MCAT topicsGene Expression — Gene to Protein → Gene Therapy and CRISPR

Gene Therapy and CRISPR

Gene therapy and CRISPR sit at the intersection of molecular biology and medicine, and the MCAT tests them primarily through passage-based questions about experimental design and predicted outcomes. The most commonly confused distinction: knockout, knockdown, and knock-in are not synonyms. Knockout is permanent disruption at the DNA level; knockdown is transient reduction at the RNA level that reverses when the interfering RNA degrades; knock-in is sequence insertion. Confusing these will send you down the wrong path on multi-question passage sets.
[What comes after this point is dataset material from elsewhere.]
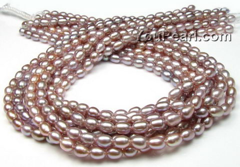 5-6mm lavender rice shape cultured freshwater pearl strands wholesale

What makes this topic tricky is that several terms sound interchangeable but are mechanistically distinct. Knockout, knockdown, and knock-in each operate at different molecular levels and have different permanence — conflating them will cost you on experimental interpretation questions. Similarly, CRISPR specificity confuses a lot of students because Cas9 is the flashy enzyme that does the cutting, so students assume it's also doing the targeting. It's not. The guide RNA does that job, and the MCAT will absolutely probe whether you understand that distinction.

This is a low-yield topic overall, but when it appears, it tends to show up in research-design passages where one wrong assumption about mechanism sends you down the wrong path for multiple questions. Nail the conceptual differences between the approaches and you'll handle whatever the exam throws at you.

Common misconceptions

Common mistake
Gap: Unaware that retroviral vs lentiviral vectors differ in ability to transduce non-dividing cells
Retroviruses integrate into the host genome only in dividing cells, whereas lentiviruses can integrate in non-dividing cells, making lentiviruses preferable for targeting neurons or muscle.
Classic retroviruses require nuclear envelope breakdown — which only happens during cell division — to access the host genome and integrate. Lentiviruses (a subclass of retroviruses, like HIV) have evolved machinery to actively transport their pre-integration complex into the nucleus through intact nuclear pores, so they can infect non-dividing cells like neurons, muscle fibers, and macrophages. This distinction matters clinically: if the target tissue is post-mitotic, a retroviral vector simply won't work, and lentiviral vectors are the right choice.
Common mistake
Wrong: Cas9 protein alone scans the genome and cuts at any double-stranded DNA site.
Right: Cas9 requires a guide RNA (gRNA) complementary to the target sequence to direct it to the correct genomic locus before making a double-strand break.
Cas9 on its own has no inherent sequence specificity — it's essentially a programmable molecular scissors that needs instructions. The guide RNA (gRNA) provides those instructions by base-pairing with a specific ~20-nucleotide sequence in the genome, bringing Cas9 to exactly that location. Without the gRNA, Cas9 cannot find its target; change the gRNA sequence and you redirect Cas9 to an entirely different genomic site. The exam will use this to test whether you understand that CRISPR's precision is RNA-based, not protein-based.
Common mistake
Wrong: Gene knockout and gene knockdown both permanently eliminate gene function through DNA deletion.
Right: Knockout permanently disrupts the gene at the DNA level (e.g., via CRISPR), while knockdown transiently reduces gene expression at the RNA level (e.g., via siRNA) without altering the DNA sequence.
The key axis here is DNA vs. RNA and permanent vs. transient. Knockout operates at the genome level — CRISPR introduces a double-strand break that gets repaired imprecisely (via NHEJ), introducing mutations that permanently disable the gene in that cell and all its descendants. Knockdown leaves the DNA untouched and instead degrades or blocks mRNA (via siRNA, shRNA, or antisense approaches), reducing protein output temporarily — once the interfering RNA degrades, expression can recover. If a passage describes a treatment that reverses after a few weeks, that's knockdown, not knockout.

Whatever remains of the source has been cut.